June 4th, 2014 Posted by Retail brand building, retail brand relevance, shopper experience, Supermarket strategy, Uncategorized 0 comments on “SUPERMARKETS: DO YOU KNOW ME, LOVE ME?”
Image of young couple with cart in supermarket

Is your supermarket about cans and boxes or food experiences?

Relevance should guide retail brand value propositions…

By Bob Wheatley

Research shows that home cooks typically learn and establish expertise around 10 menus. And while these may evolve or modify over time, the number of them tends to remain the same. Thus the items purchased – while also varying here and there – will retain a measure of continuity.

This behavior suggests that digital tools could identify a pattern of behavior in purchase that becomes a form of fingerprint for shoppers — and thus the ability to match offers and unique benefits that fall in line with shopper basket preferences.

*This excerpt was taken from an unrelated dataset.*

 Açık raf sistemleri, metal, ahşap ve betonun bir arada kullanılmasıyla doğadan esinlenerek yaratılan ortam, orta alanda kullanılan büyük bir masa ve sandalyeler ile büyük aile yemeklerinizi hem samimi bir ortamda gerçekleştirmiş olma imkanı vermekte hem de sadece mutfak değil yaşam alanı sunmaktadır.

With it comes an opportunity to increase loyalty because the store “knows my item needs and preferences.” What helps in this process is the “rinse and repeat” nature of human behavior around the menu variations we tend to learn/accommodate.

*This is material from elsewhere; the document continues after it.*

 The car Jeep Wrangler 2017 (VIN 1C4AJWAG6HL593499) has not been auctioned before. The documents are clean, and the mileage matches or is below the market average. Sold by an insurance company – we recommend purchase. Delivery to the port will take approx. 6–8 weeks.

Thus there’s a key role for technology, especially mobile tools, to build from this condition in the shopping environment. That said when we talk about the old-world imagery of corner shopkeeper who knows the wants and needs of Mrs. Smith, while the knowing is important, its really the human interaction and relationship that helps cement the store-to-customer bond.

High touch is a very human thing. Do you really know me??

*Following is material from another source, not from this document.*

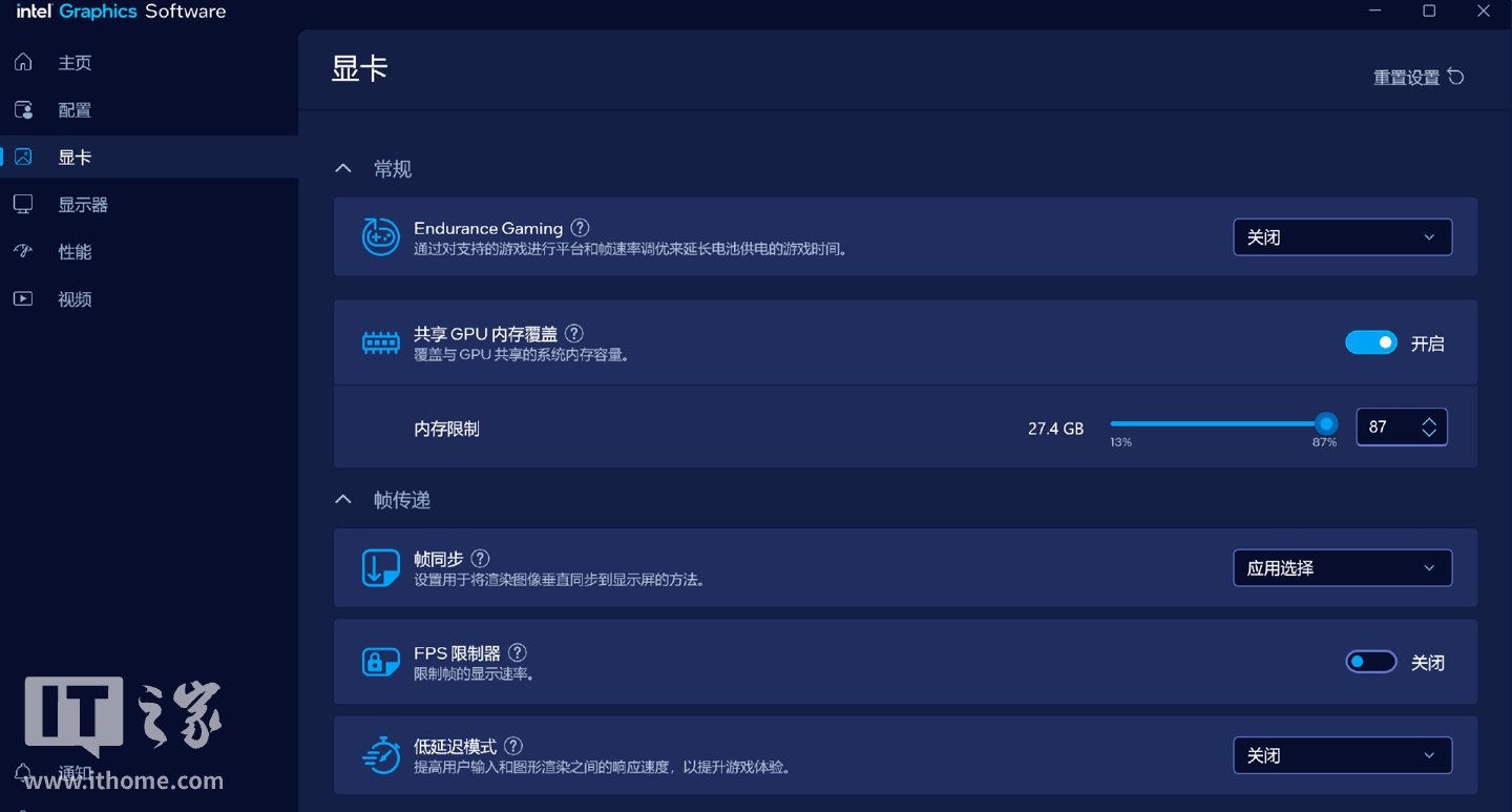 在本次测试的 32GB 内存机型上,系统最多可将 87% 的容量(约 27.3GB)共享给锐炫核显。

Scaled supermarket experiences have morphed into self-help trips where contact has been minimized. And supermarket companies work hard to control staffing costs by reducing them and in many cases working to eliminate them. Hmmm.

Yesterday I visited the opening of another Mariano’s store in Chicago’s Lincoln Park city neighborhood. It’s an 88,000 square-foot homage to food and retail experience. A form of culinary Disneyland — with an out-sized emphasis on stations that were akin to “rides” of indulgent-ness that made shopping a true adventure.

The corner store high touch philosophy.

The staff to customer ratio was unprecedented in my experience. At every turn in a store geared to place primary emphasis on fresh and prepared products and food-court offerings, were trained employees taking a Nordstrom like interest in helping people with their shopping choices. Accelerating this was the army of servers with trays passing samples of fresh and prepared items for shoppers to try. A feast of sensory experiences and tastes.

Then the multitude of sampling stations manned by key category vendors who were also inviting more taste experiences in all parts of the store from perimeter to grocery. I interacted with more Mariano staff in one visit than a lifetime of shopping other banners.

The recalibration of store footage to real foods, fresh and prepared, plus emphasis on restaurant-as-food-store alters the P&L and builds higher margin categories into the balance sheet. With it comes the ability to staff differently. And then drive to the mother of all opportunities: real relationships between people centered on our love affair with food.

It’s the food…

Many retailers believe they’re in the box, can and bag shelving/pricing business. Food is supposed to be a culinary adventure, and for those who understand it’s all about the food comes an enormous opportunity to refine the retail experience while returning in contemporary style to a shopkeeper/customer interaction that heralds the long-gone memory of corner store. And the corner store never had a Vegan grill bar.

So technology that works backwards from the very human interest and love of taste, flavor has the best shot at making a difference. Apple’s recent acquisition of Beats Music an example: the owners of Beats aren’t headphone engineers or software geniuses. They are music industry folk who understand how music motivates people, their emotions — and the love people have for song, verse and beat. In their world, it’s the music stupid. In grocery, it’s the food stupid. The tools we use are (should be) simply a means to help facilitate the end – the meal at home.

Safe to say when the tool becomes more important than the human bond, we’ve lost sight of what this is really all about.